ED Schulze1, C. Sierra1, V. Egenolf2, R. Woerdehoff3, R. Irsinger4, C. Baldamus5, I. Stupak6, H. Spellmann3


1 Max Planck Institute for Biogeochemistry, Box 100164, 07701 Jena, Germany
2 CESR-SURF, Uni Kassel, Wilhelmshöher Allee 47, 34117 Kassel, Germany
3 Nordwestdeutsche Fortl. Versuchsanstalt, Grätzelstr 2, 37079 Göttingen, Germany
4 Hochschule für Forstwirtschaft Rottenburg, Rottenburg am Neckar, Germany
5 Stiftung August Bier, Ziegeleiweg 1, 15848 Rietz-Neuendorf, Germany
6 Dept. of Geosciences and Nat. Resource Management, University of Copenhagen, Denmark

In einer Studie, die am 13. Januar 2020 im Journal Global Change Biology Bioenergy erschienen ist(1), kommt ein Team um Ernst-Detlef Schulze, emeritierter Direktor des Max-Planck-Instituts für Biogeochemie, zur Schlussfolgerung, dass der nachhaltig bewirtschaftete Wald zur Eindämmung des Klimawandels beiträgt, indem er den Verbrauch fossiler Brennstoffe senkt. Zu dieser Studie hat das Max-Planck-Institut für Biogeochemie am 10. Februar 2020 eine Pressemitteilung herausgegeben(2). In einer Pressemitteilung vom 10.08.2020(3) zitiert die Hochschule für nachhaltige Entwicklung Eberswalde (HNEE) 3 Publikationen, welche die Studie von Ernst-Detlef Schulze et al. vermeintlich widerlegen. Im Unterschied zur von der HNEE mitverfassten Studie(4) wurden aber in den beiden anderen Studien(5,6) nicht die wissenschaftlich verwendeten Daten von Schulze et al. kritisiert oder gar widerlegt, sondern die Datenauswahl, Interpretationen und Schlussfolgerungen in Frage gestellt sowie mögliche Konsequenzen der Ergebnisse diskutiert. Bereits vor der Publikation von Welle et al.(4) und der zugehörigen Pressemitteilung der HNEE(3) haben Schulze und Kollegen eine wissenschaftlich-inhaltliche Erwiderung(7) zu Kun et al.(5) und Booth et al.(6) publiziert, was von Welle et al. jedoch nicht berücksichtigt wurde.

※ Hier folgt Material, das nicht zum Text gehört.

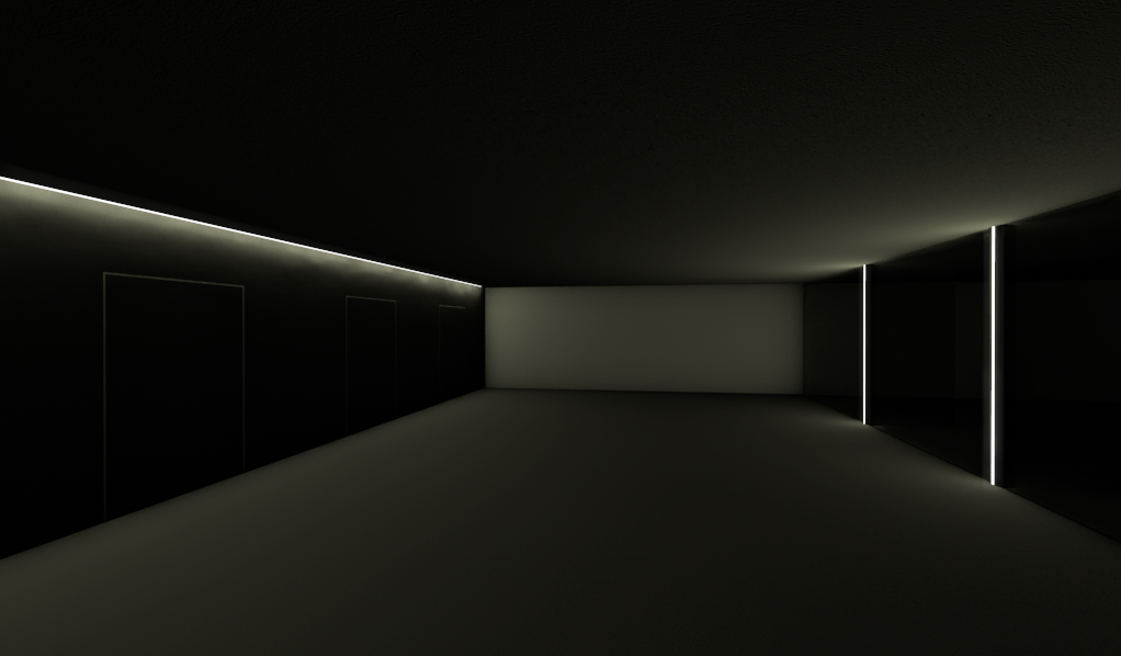 La cosa importante per me è rappresentare la luce nel modo più verosimile possibile.quindi, il neon di sinistra, per esempio, è importante che illumini la parete verticale con le tre porte e il pavimento ai piedi di quest'ultime, stesso discorso per i neon verticali sulla destra...

Ernst Detlef Schulze und seine Coautoren fassen ihre Antwort auf die Kritik hier noch einmal zusammen:
Die Schlussfolgerung unserer Arbeit ist nach wie vor gültig. Sie bezieht sich ausschließlich auf nachhaltig bewirtschaftete Wälder und den klimarelevanten Aspekt der CO2-Freisetzung. Unsere Schlussfolgerung stellt nicht den Nutzen von Waldnationalparks oder sonstiger Naturschutz-Flächen zur Sicherung der Biodiversität in Frage. Die unterschiedlichen Bedürfnisse und Ziele für die Nutzung des Waldes können jedoch zueinander komplementär, indifferent, konkurrierend oder sogar konträr sein. So müssen nicht-bewirtschaftete Wälder, die zum Schutz der Artenvielfalt eingerichtet wurden, nicht unbedingt förderlich sein für den Klimaschutz. Zur bestmöglichen Nutzung unserer Wälder empfehlen wir eine ausgewogene Balance in der Waldbewirtschaftung entsprechend der angestrebten unterschiedlichen Ziele, deren Priorisierung sich aber insbesondere durch den Klimawandel verändern kann.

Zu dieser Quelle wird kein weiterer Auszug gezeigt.